College and university diplomas also have high transfer value, depending on the topic that was studied. The MBA currently is seen has having a high transfer value, as are PhD-s in various subjects. A college degree in basketry or studies of various forms of activism is seen has having much less transfer value. Your fez from your local lodge probably has much less transfer value. Things you would be ashamed to add to your resume have very low and perhaps no transfer value.

And that brings up and interesting question: Should I put my karate rank on my resume? My resume does not have my karate rank on it. I feel that many view my participation in karate to be indicative of being a little strange or perhaps even dangerously interested in violence. I have heard others express concerns over resumes that have karate rank and participation listed on them. Perhaps participating in the Boy Scouts looks better, although their stock seems to be in decline these days, unfortunately.

As karate rank has a low transfer value, the real value of it is mainly to the person receiving it and the person giving it. It does not really serve as a valid credentialing system. You might meet someone who is a 6th dan karate expert, but what does that mean? Did he get it for skill in competitions, coaching, refereeing, giving examinations, bringing in lots of new recruits, helping out with association functions, volunteering for service, or simply as a reward for continued toeing of the company line and being politically powerful due to charm and having many followers? You don’t really know.

Furthermore, I believe it is self-evident that no two human beings are exactly alike, and therefore, as explained my article on Platform Dependency, even within a karate club, two people’s performance of Shotokan karate may vary from one another greatly. Certainly any two people of the same rank side by side do not have the exact same skills. Are they to be compared to one another, or to some objective standard? How can we have an objective standard for karate ranking when people are so different from one another that when they both try to do the same thing using the same set of instructions it comes out looking different? This subjective component to karate ranking further damages its credibility as a valid credential that can be viewed as an objective assessment of skill.

That's why I wrote that it is a moderately dysfunctional system of credentialing. As someone who does not know you, I really cannot put a lot of stock in your karate rank as being something that speaks well of you for a particular reason. That-s not how I expect a good credential to work. Karate ranks essentially amount to motivation to continue training, which looks suspiciously related to motivation to continue paying and obeying. It looks worse and worse to me as the rank gets higher.

The Eagle Scout Award, which used to have huge transfer value, is now on the decline thanks to political polarization and negative publicity aimed toward the Boy Scouts of America organization’s policies.

When I last operated a karate club, we had a box filled with belts. I used to give belts to students from the box. Maybe the belt was new, or maybe it was someone else’s recycle for the purpose of keeping costs down for everyone.
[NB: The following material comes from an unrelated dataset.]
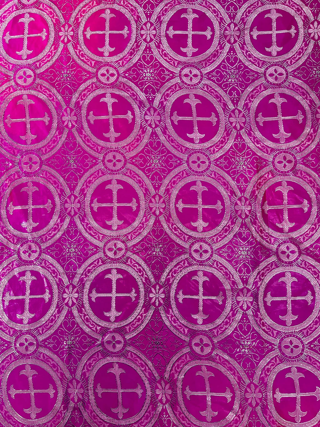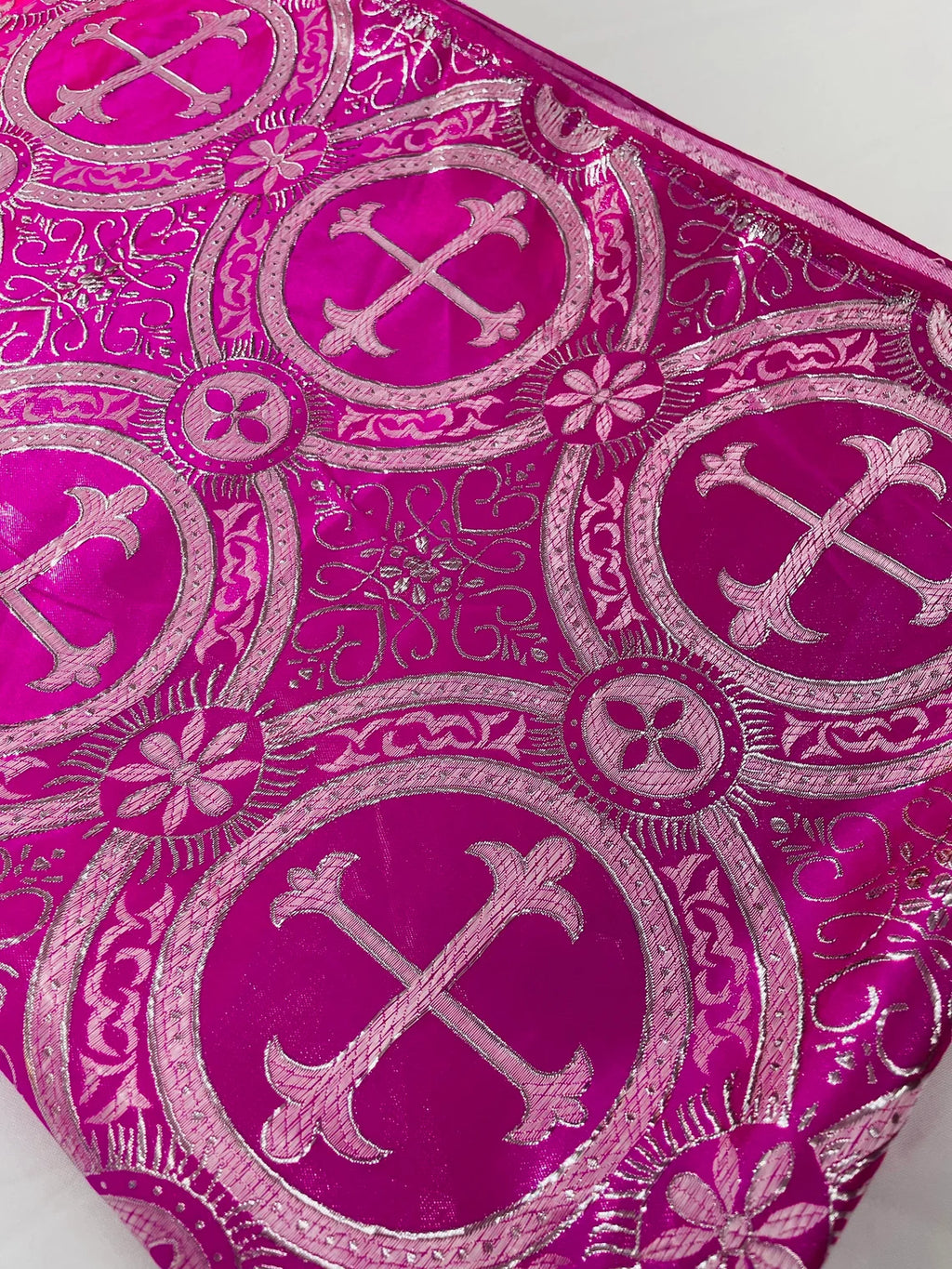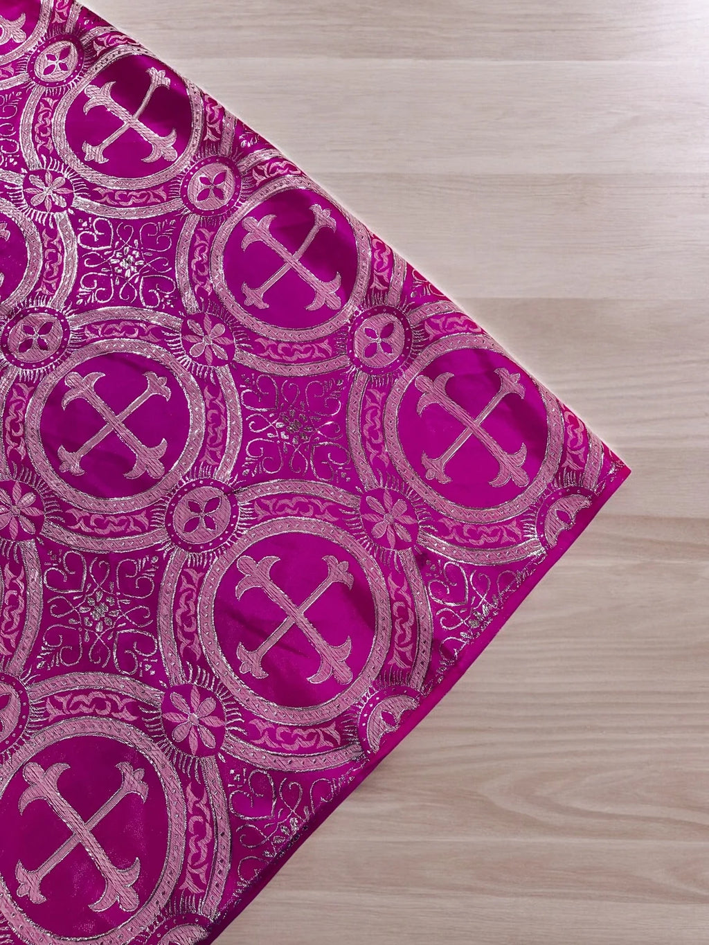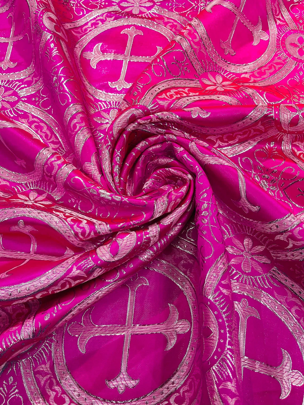 Brocade Cross Fabric - Fuchsia / Silver - Church Vestment Cross Religious Jacquard Fabric By Yard

I eventually gave up the practice of giving out certificates that looked like they were Japanese parchment in favor of very nice plaques with engraved lettering on them for black belt ranks. I ended up giving nothing for the kyu ranks. I didn’t really see the need for it.

I tried to separate out many of the factors that ranks might represent in my club. For example, I tried to limit the impact that rank had amongst the students by functioning as the sole coach of the club and not really employing my senior students for coaching duty. Since the club did not require a hierarchy using this method, the more advanced ranks lost some of their social status. There was political resistance to my doing this, and I was not able to continue running the club long enough to really push this particular concept forward to see what would happen, but I note that millions of children and adults play lots of sports without receiving colorful belts, certificates, and other symbols of social status or credentials and enjoy them quite a bit. It seems to me that karate ranks, while perhaps providing many benefits, might provide just as many downsides depending on who is using them and to what purpose.

Karate ranks are probably here to stay. Once used for a long enough period, a dogmatic practice such as this will hardly be abandoned as there is pressure from those who have invested in their own ranks to maintain the status quo and not devalue or disrupt the system that they perpetuate. I can understand this feeling amongst them, and fortunately for them, this article is unlikely to cause a major upheaval in the karate world concerning rank. But I do hope that you remain open to possibilities and consider the potential ideas that I have presented here if not to abandon the system wholesale, perhaps to improve upon it in subtle ways.